▶ WORK TO BE COMPLETED: Exactly reproduce the lines from the one containing "Каждый чехол прошивается" through the last line of the data, both ends included, leaving out pictures.

▶ DATA SECTION:
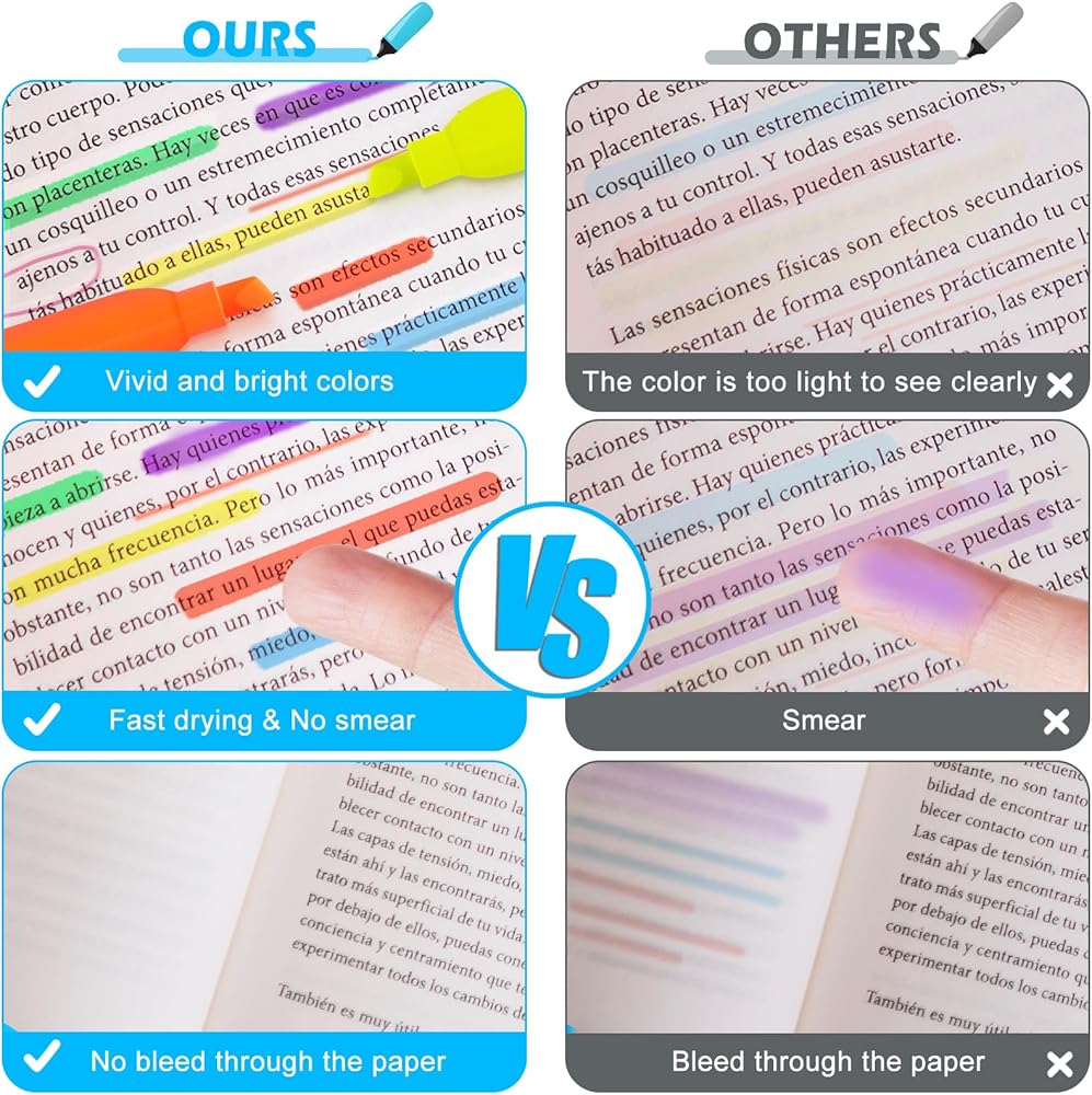 Non Bleed & Quick-Drying Highlighter - Highlighter pens use quick-drying ink, making highlighted marks clearly visible without worrying about the ink staining your hands and your book. Even if you highlight on one side of the page, the other side is still completely readable, and there's no need to worry about ink bleeding through and affecting the readability of the page.
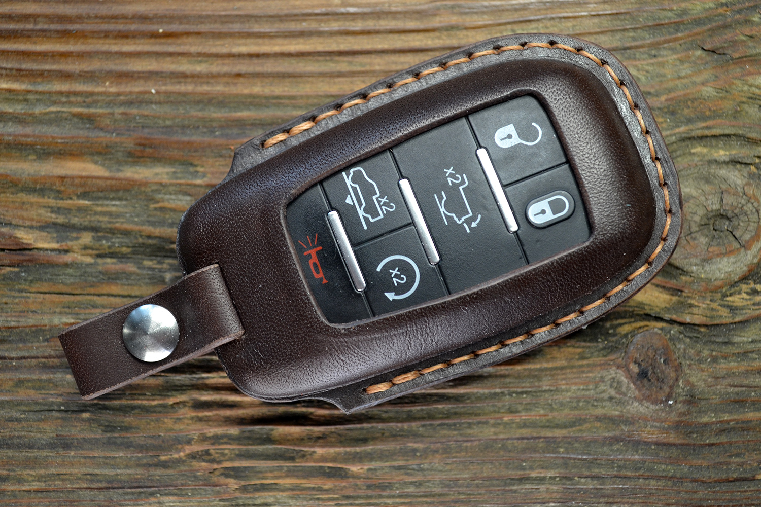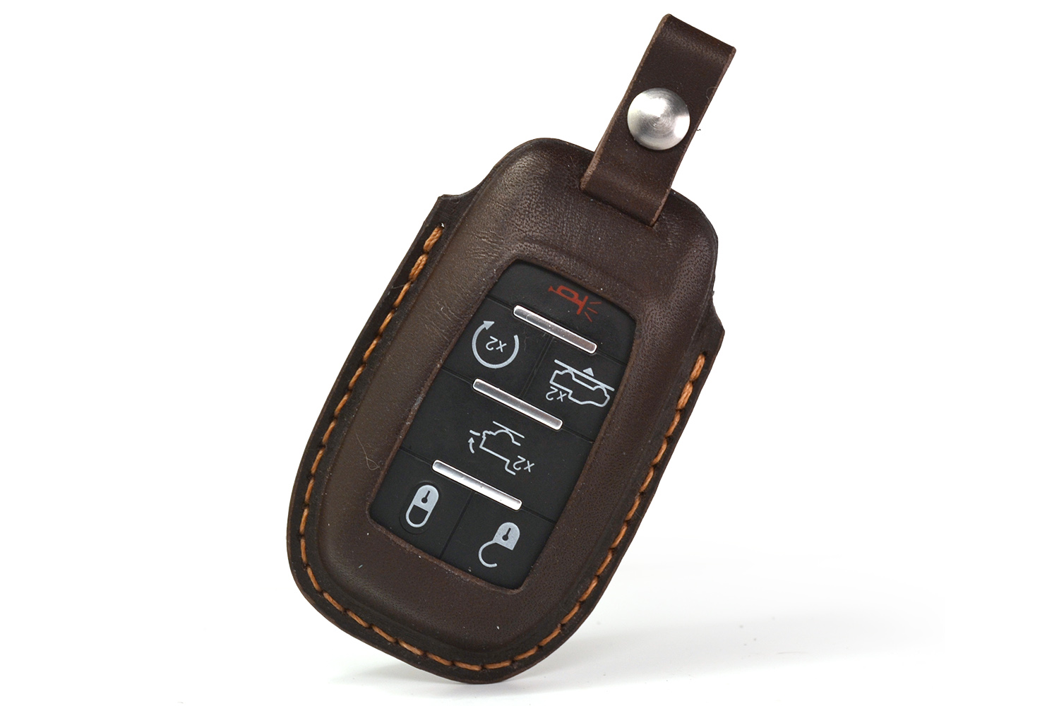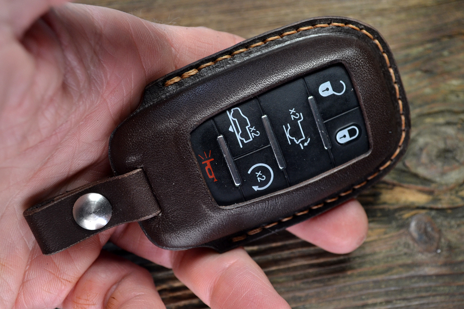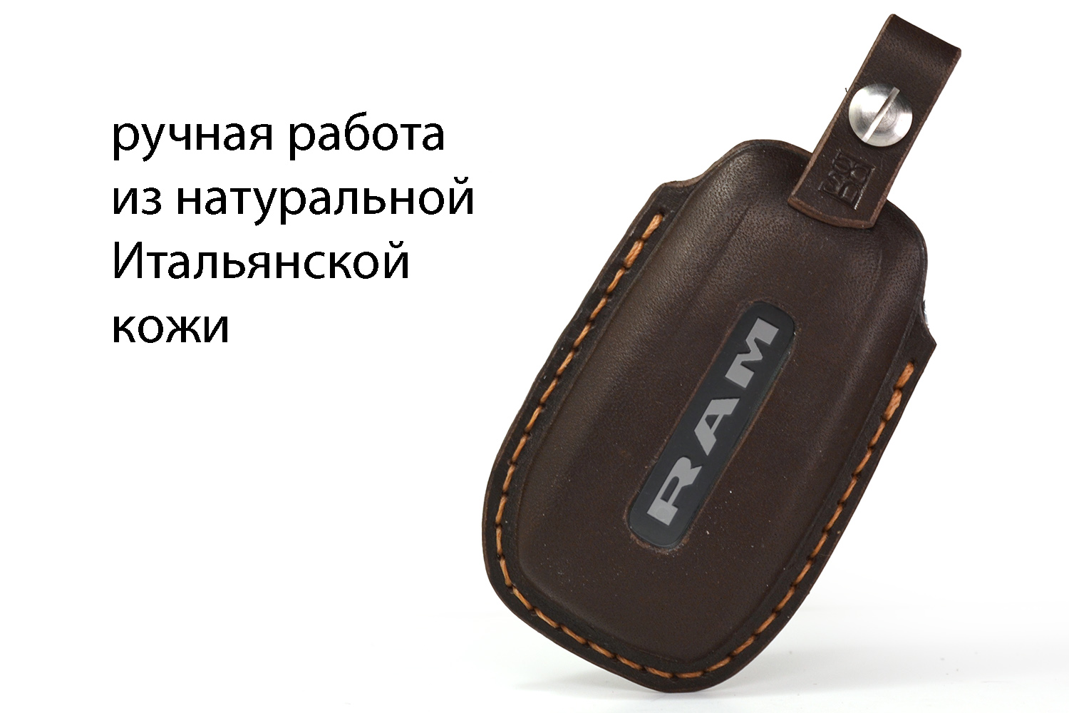 Каждый чехол прошивается вручную прочным вощёным шнуром и сконструирован в России с точной подгонкой под форму ключа Dodge RAM. Продуманный вырез под кнопки обеспечивает удобное управление, а аккуратный вырез под логотип RAM на задней части подчеркивает фирменный характер аксессуара.
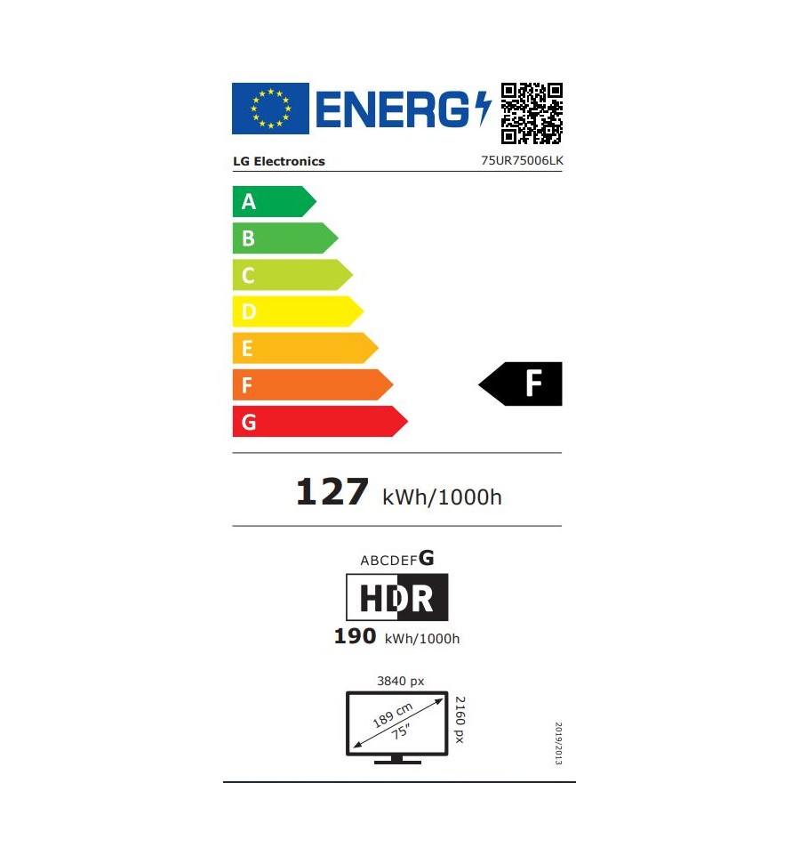 Consumo de energía (HDR) por 1000 horas 190 kWh

▶ PROBLEM SOLUTION:
 Каждый чехол прошивается вручную прочным вощёным шнуром и сконструирован в России с точной подгонкой под форму ключа Dodge RAM. Продуманный вырез под кнопки обеспечивает удобное управление, а аккуратный вырез под логотип RAM на задней части подчеркивает фирменный характер аксессуара.
 Consumo de energía (HDR) por 1000 horas 190 kWh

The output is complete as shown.